Tanis Chandler (born Tannis Anne Goldthwaite; August 29, 1924 – May 7, 2006) was a French-born American film actress. She was perhaps best known for masquerading as a male to gain a role in a film.

Early years
Chandler was born in Nantes, France. Her father was musician Chandler Goldthwaite, who was billed as Rex Chandler for his performances of popular music. Her mother was Leon Lorfray De Rousier. Chandler was educated initially by private tutors in Paris and, after the family moved to the United States in 1936, at the Westlake School for Girls in Los Angeles. After her father's illness interrupted his work on radio programs, she became a model to help with finances.

Acting 
In 1940, Chandler acted in a production of Prison Without Bars at the Troupers theater. Her film debut came in Devotion (1943), and she appeared in Cinderella Jones (1946), George White's Scandals and Wanderer of the Wasteland. She also used her fluency in French and Spanish to dub parts for foreign versions of approximately 30 films.

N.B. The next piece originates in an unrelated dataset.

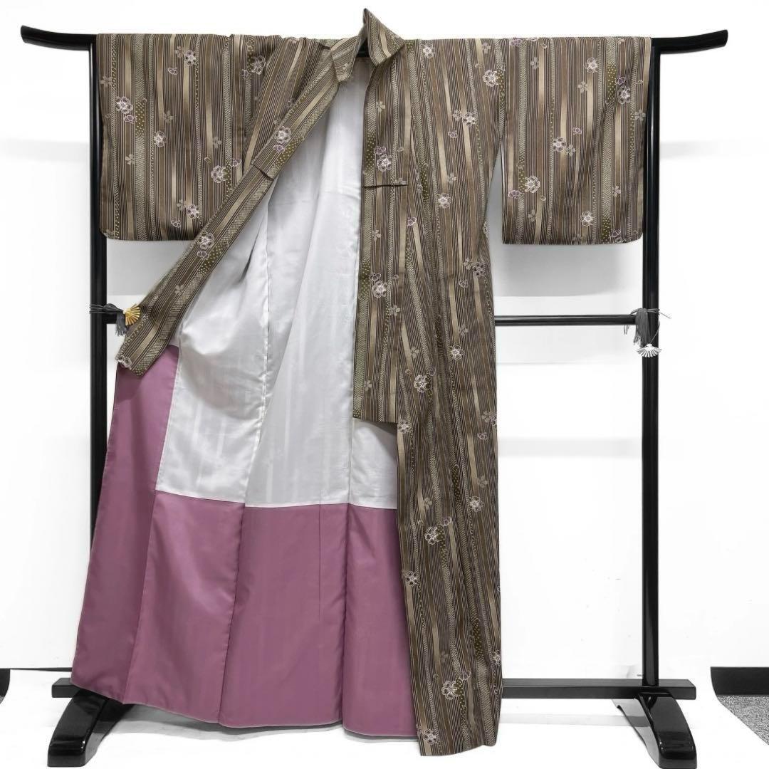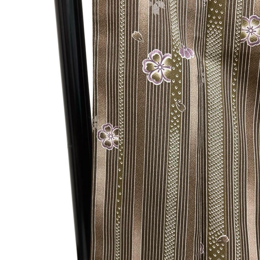 ブラウンの縦縞に花びらや桜の文様が描かれたお洒落なデザインの一着です。

Chandler pulled off a hoax on film executives when she obtained a part in The Desert Song (1943) by pretending to be a male, Robert Archer. A wire-service news story distributed nationwide explained, "She was aided in the deception by the fact that she and most of the other players were clad in flowing robes and burnooses ..." Her success was such that the casting office sent Archer for work in another film, My Reputation (1946). That venture ended, however, when a scene called for being shirtless while mowing a lawn. At that point, Chandler admitted to being a female, ending her male-impersonation efforts. Her explanation for the hoax was that studio executives frequently complained about a lack of men, and she hoped for a better opportunity for roles in films.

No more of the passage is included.